Allen was the sixth-best shooting guard in the NBA last season in True Shooting Percentage at 60.1%. He was 16th at his position in PER. His willingness to sacrifice was the key to making the Big Three work three years ago. As time winds on and as he plays more and more seasons with the Celtics, Allen's legacy is going to be remembered almost exclusively for his years as a support player in Boston rather than as a star in Milwaukee or Seattle. He's made the kind of transition from star to support piece that very few players have the character and discipline to make. Going from being the star on a team to just another role player (as good as he is at that role) is one of the most difficult switches to make, as Allen Iverson, Shaquille O'Neal and Tracy McGrady can attest. When people wonder why the Celtics committed $20 million this summer to more years of an aging guard's career, it's because replacing him is a lot more difficult than swapping names on a roster sheet.

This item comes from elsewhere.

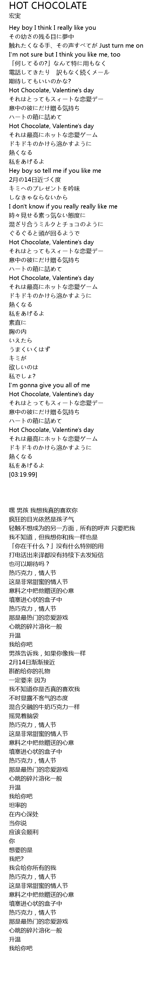 | [00:39.97] | Hot Chocolate, Valentine' s day |

Pierce, like Allen, inked a generous extension this summer (Pierce's was of course longer and richer), but he is going to have to be the key ambassador that turns the Big Three's team over to Rondo over the next few years. While most generally accept that Rondo is the team's best player out on the court, he is by no means the team's leader in the locker room. He has yet to experience what it is like to have all eyes looking to him for leadership, and his failed bid to make Team USA this summer might have rocked his confidence a bit. Pierce is the face of this generation of Celtics basketball, and he probably has another year or so in that role, but if he wants the club to continue to prosper after his retirement, it would behoove him to take Rondo under his wing and show him all of the sides of stardom in the NBA that have nothing to do with on-the-court basketball. 


This year, Garnett is the third highest-paid player in the NBA. He was a 14-and-7 power forward last season and he recorded his lowest PER in thirteen years. Despite his salary, he is a player in decline and he simply cannot will his body to do the things he wants it to do anymore. That means, then, that his basketball brain has to become that much more effective a weapon this season. Garnett's brain is one of the sharpest in the NBA, he sees angles and rotations intuitively that players spend entire careers trying to pick up. He's got to use that intelligence to put himself in better positions for rebounds. He needs to use his smarts to adjust his offensive game to not having his trademark explosiveness to rely on. He's in decline but if he wants it he still has several more years ahead of him as a wily NBA vet. But, he's got to start relying more on his mind than on his body from here on out.


While Perkins is out, one of the O'Neal's is going to have to start for this team. While most figure that Shaq is the more logical choice, it says here that Jermaine eases into the spot a lot smoother. Shaq requires a lot more adjusting from everybody else than Jermaine does because he's bigger, slower and has more offensive talent left in the tank (with an outsized ego to match). If Perkins was going to be out for the whole season, then perhaps making all of those adjustments would be worth it, but seeing as how this is just a two-to-three month temp job, Jermaine is a smarter fit. Plus, playing against reserve bigs might just allow Shaq to look dominant again for stretches, and this bench could use that kind of offensive firepower from the reserve unit. When the time comes, though, Perkins will return as one of the most underrated centres in all of basketball.